We see a lot of machine learning projects that have failed to get results or are on the edge of going off the rails. Often, our tools and structured approach can help, but sometimes they become helpless. Machine learning projects can be successful if we analyze certain factors. Here are 3 ways to make it work successfully.
1. Understanding Ground Truth
Machine learning isn't a magic wand, and it doesn't work by telepathy. An algorithm for any machine learning project needs data and examples of what it is trying to detect. It also needs examples of what it is not trying to detect so that it can tell the difference. This is particularly true of "supervised learning" algorithms, where they must train on sufficient numbers of examples to generate results. The same applies to "unsupervised learning" algorithms, which attempt to discover hidden relationships in data, without being told ahead of time. If relationships of interest don't exist in the data, no algorithm will find them.
2. Curate the Data
Data should be clean and well-curated. Meaning that to get the best results, it is important to have faith in the quality of the data. Misclassifications in training data can be particularly damaging in supervised learning situations — some algorithms (like ours) can compensate for occasional miss-classifications in training data, but pervasive problems can be hard to overcome.
3. Don't Overtrain
Overtraining is when a machine learning model can predict training examples with very high accuracy but cannot generalize to new data. This leads to poor performance in the field. Usually, this is a result of too little data or data that is too homogenous. The data does not truly reflect the natural variation and confounding factors that will be present in deployment. The data can also result from the poor tuning of the model. Overtraining can be particularly harmful, as it can lead to false optimism and premature deployment. This results in a visible failure that could easily have been avoided. Our AI engineers oversee and check customer's model configurations to prevent this unnecessary pitfall.

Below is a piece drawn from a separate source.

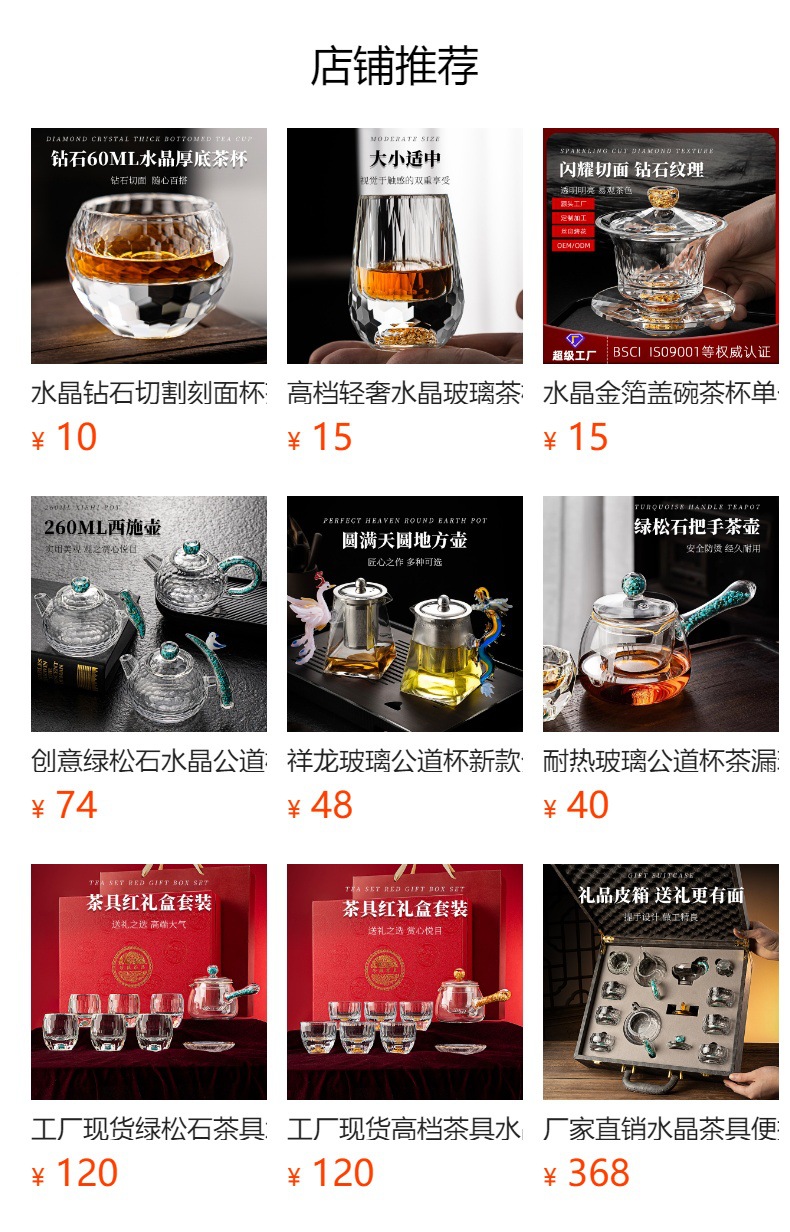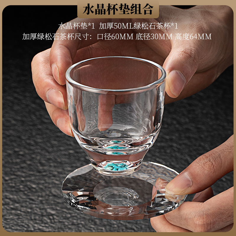 고급 크리스탈 유리 컬러 작은 차 컵 코스터 마스터 컵 게스트 컵 쿵푸 티 컵 내열 차 세트 세트스토어 가기

Case Study: Machine Health Monitoring System
(Names and details have been changed to protect the inexperienced.)
We recently had a client trying to build a machine health monitoring system for a refrigerant compressor. These compressors were installed in a system subject to rare leaks. They were trying to detect in advance whether the refrigerant in the lines has dropped to a point that put the compressor at risk. The system needs to detect before it causes any damage, overheating, or shuts down through some other mechanism. They were trying to do this via vibration data, using a small device containing a multi-axis accelerometer sensor mounted on the unit.
Limited Set of Data and Overtraining
Ideally, this client would have collected a variety of data with the same accelerometer under known conditions: including many examples of the compressor running in a range of normal load conditions, and many examples of the compressor running under adverse low refrigerant conditions in a similar variety of loads. They could then use our algorithms and tools in confidence that the data contains a broad representation of the operating states of interest. The data will also include normal variations as load and uncontrolled environmental factors change. It would also contain a range of different background noises and enough samples so that the sensor and measurement noise is well represented. But all they had was 10 seconds of data of a normal compressor and 10 seconds with low refrigerant collected in the lab.
Human Monitoring vs. Machine Learning Algorithm Monitoring
The limited collected data might be enough for an engineer to begin to understand the differences between the two states. A human engineer working in the lab might use domain knowledge about field conditions to detect those differences in general. But a machine learning algorithm knows only what it sees. It would make a perfect separation between training examples, showing a 100% accuracy in classification. But that result would never generalize to the real world.
Solution for This Machine Learning Model
The most reliable approach is to include examples in the data of a full range of conditions for all the operational variations possible. It should include both normal and abnormal conditions. This allows the algorithms to learn by example and tune themselves to the most robust decision criteria.
Reality AI tools automatically do this by using a variety of methods for feature discovery and model selection. To help detect and avoid overtraining, our tools also test models with "K-fold validation". This is a process that repeatedly retrains but holds out a portion of the training data for testing. This simulates how the model will behave in the field when it attempts to operate on new observations it had not trained on. K-fold accuracy is rarely as high as training separation accuracy, but it's a better indicator of likely real-world performance. It is better at least to the degree that the training data is representative of the real world.